A Marta sabia o que era um leque. Costumava ver a avó com leques na
mão, a abanar-se nas tardes de verão, enquanto tomava chá com as outras
senhoras. Só que nunca tinha visto um leque daquele tamanho. Fechado,
era tão comprido como dois lápis de carvão – daqueles que usava na escola.
Aberto, mostrava um mocho entre flores, e conseguia tapar a cara e o corpo
da Marta até à cintura, quase não deixando adivinhar quem é que se punha
por trás dele.
– Escolhi este leque para ti – explicou o pai. – Comprei-o no mercado,
a um contador de histórias que me disse tratar-se de um leque mágico.

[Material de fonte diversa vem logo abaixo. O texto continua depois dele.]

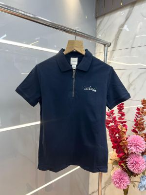 Calvin Klei n Navy Premium Imported 240 GSM Interlock Lycra Fabric Polo Tshirt with Embroidered Logo and Zip Style 4065
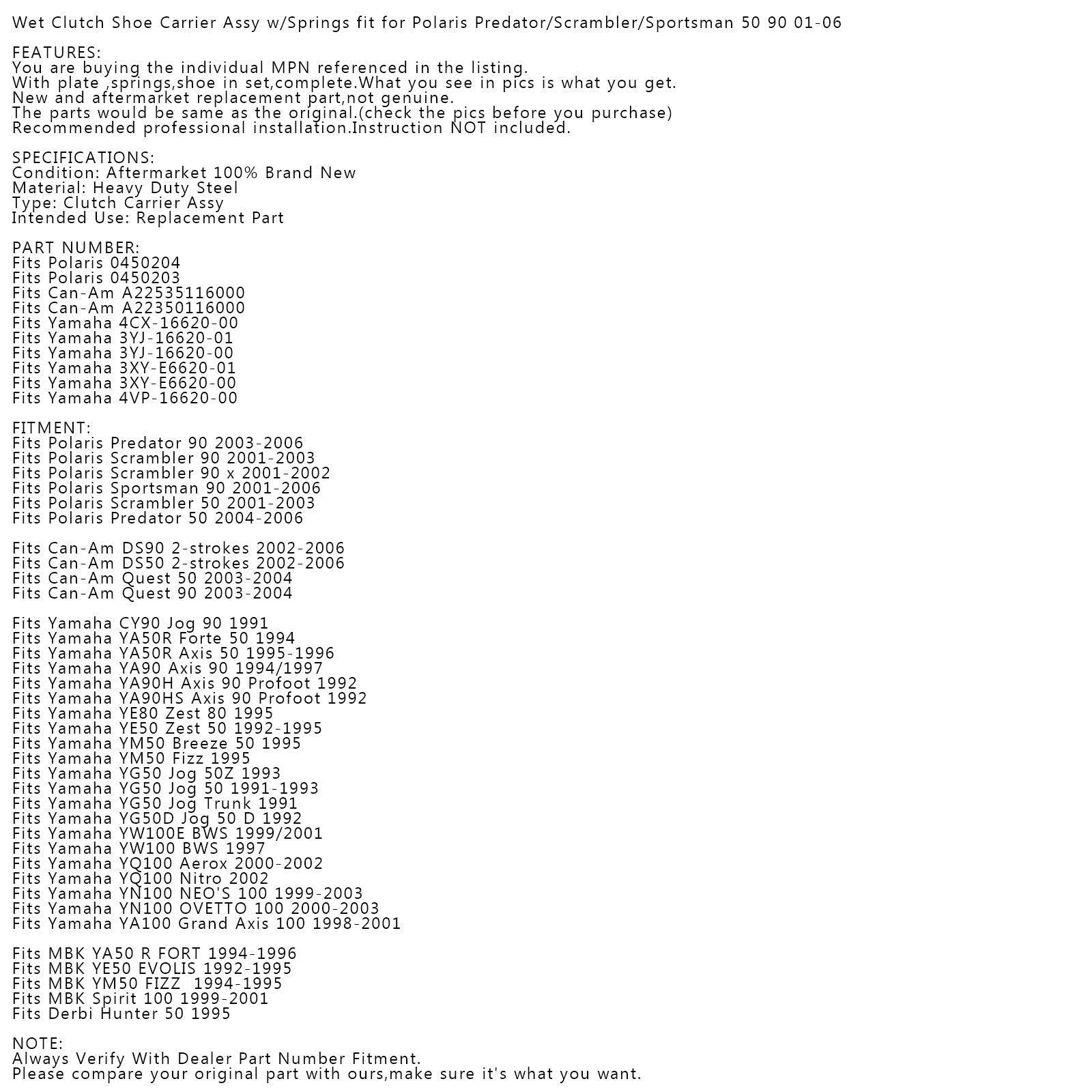 Conjunto de soporte de zapata de embrague húmedo con resortes aptos para Polaris Predator/Scrambler/Sportsman 50 90 01-06

Quando eu me ri, ele fez cara séria e insistiu que o leque tinha mesmo
poderes mágicos. Disse-me que era único no mundo, mas que mo vendia,
pois acreditava que iria parar às mãos certas – acrescentou, com ar de quem
tivesse achado graça, embora sem dar muita importância ao contador de
histórias.
Contudo, assim que ouviu o pai falar, a Marta confiou na mensagem
daquele senhor que ela nunca vira. Primeiro, porque ele era contador de
histórias e, embora os contadores brinquem com a imaginação, ela sabia
que há sempre muitas verdades nas histórias, mesmo nas de fantasia.
Depois, a Marta pensou que, se tinha ido à janela todas as noites tentar
espreitar o outro lado do mundo e imaginar como era viver em terras tão
distantes, talvez algures no Oriente alguém se tivesse lembrado dela...
– Obrigada, pai! – disse, encantada, pensando que aquela era a última
coisa que esperava receber do outro lado do mundo.